Industry is welcome to provide evidence to support an exceedance but should not be the sole beneficiary of any uplift in value on the site as it sits beyond what was previously accepted by the community.

As mentioned above, the receipt of value capture contributions, if the mechanism sat outside VPAs, could be centralised with Treasury. This would put to bed any perception that the creation of value is linked to either the rezoning or approval process.

A way forward

Lastly, the PC Review makes an argument that a betterment levy failed in the past in Sydney because powerful landowners applied political pressure.

Certainly it has been said that policy capture is the only form of capture that has prevailed in Sydney planning history.

A former NSW planning minister suggested that some lobbyists “generalise the private ambitions of their small band of members to give the appearance of a broader philosophical and whole-of-industry view. In reality, it is a small band of speculators trying to hustle the government into making policy decisions that suited them”.

A standard percentage rate per dollar of betterment (value uplift), which would vary by location, could apply across the state. This approach automatically adjusts to local market conditions and ensures that the levy or development licence fee does not reduce the feasibility of a site for development.

It also means that SICs (or other) quasi value capture contributions could be abolished, meaning that developers would not encounter unanticipated contributions that render their approved development infeasible, especially in marginal cases where value gains from redevelopment are low.

Developers would never overpay for a site and indeed, the more a developer (or the government) overpays the greater funds that are raised for infrastructure contributions.

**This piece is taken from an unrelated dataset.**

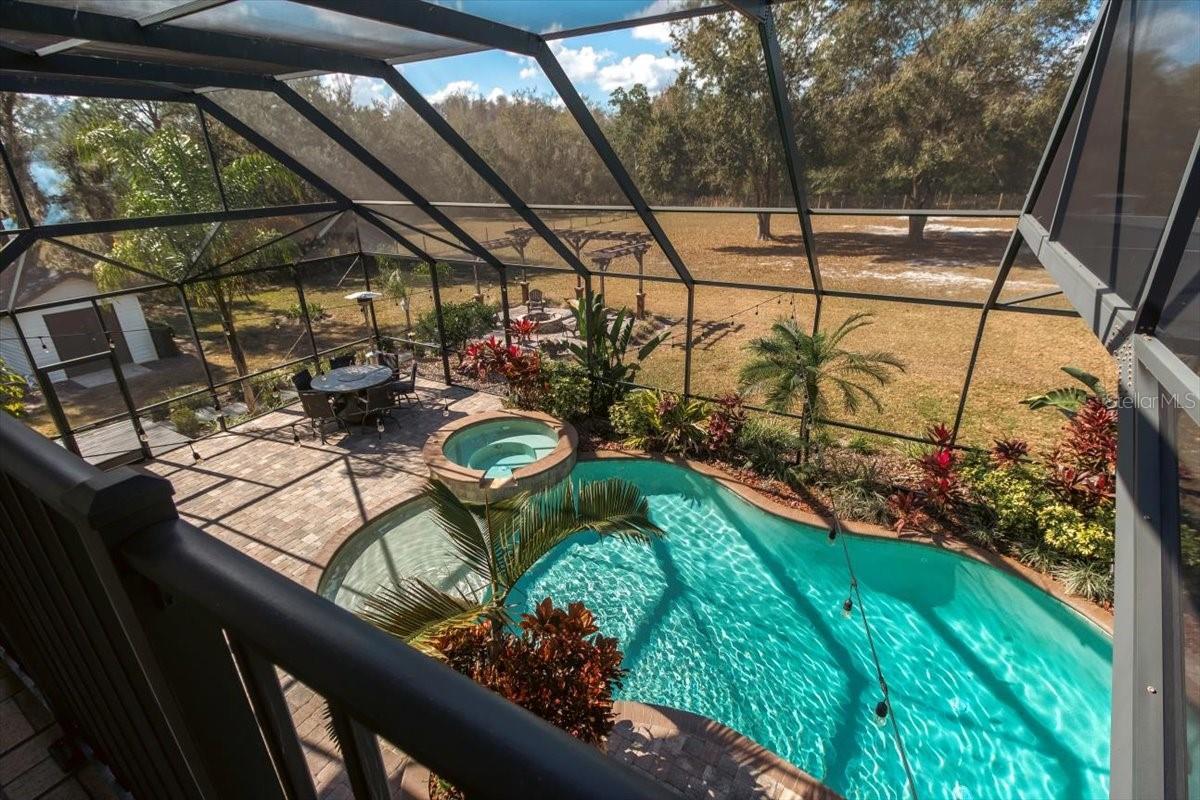 Experience the ultimate in Florida living at this exceptional 5-bedroom, 2.5-bath estate set on two private, tree-lined acres in Land O’ Lakes. Enter through a gated drive and be welcomed by mature oak trees, manicured landscaping, and a freshly painted exterior (2025) that enhances the home’s stately presence. Inside, sun-filled living spaces showcase elegant crown molding, gleaming hardwood floors, and plantation shutters in the living and dining rooms. The chef’s kitchen features granite countertops, stainless steel appliances, and a center island ideal for entertaining. The main-level primary suite offers a peaceful retreat with a spa-like bath, soaking tub, and walk-in shower. Upstairs, additional spacious bedrooms offer generous layouts and walk-in closets, with two opening to a grand balcony under the screened enclosure. Step outside to your private backyard oasis with a two-level screened lanai, sparkling pool and spa, pergola, and stone fire pit—perfect for relaxing or hosting gatherings. Additional highlights include a two-car garage, oversized workshop, storm-proof Pella sliding glass door (2022), roof replaced in 2020, and two Rheem A/C systems installed in 2024 and under warranty. Ideally located just 20 miles from Tampa, with easy access to shopping, dining, parks, and outdoor recreation—this home offers luxury, privacy, and convenience all in one

The PC Review dismisses a betterment levy or development licence fee because it claims it would be difficult to calculate or implement (how to measure the value uplift) despite the ACT doing it with success for 50 years.

As in many parts of the ACT, betterment levies can be pre-calculated based on typical betterment values in different local precincts where redevelopment is desired in the planning scheme.

The Valuer General’s property valuations provide the starting point for the calculation of this variable rate. An easily accessible schedule of rates a square metre applying to floorspace associated with new development rights would be available.

Such an approach would further reduce uncertainty in areas where development is desired in the planning scheme and reduce the number of times individual assessments of betterment are required.

Confidence in the planning system and its focus on the public interest is at the core of upfront, evidence-based planning.

If the PC Review doesn’t see a role for a betterment levy – either in VPAs or revamped SIC– then a value capture policy relating to changes in zoning and development standards should be implemented statewide, outside of and additive to the local infrastructure development contributions system, and constituted as a development licence fee.

Like the ACT system, the funds could be collected by Treasury and recycled back to the areas in question. 

Patrick Fensham is Principal and Partner and National Manager of Urban Policy and Governance at SGS Economics and Planning.

Tim Sneesby is a manager of strategic planning at a Sydney council, a recipient of the Planning Institute of Australia’s National Young Planner of the Year award. His views are his own.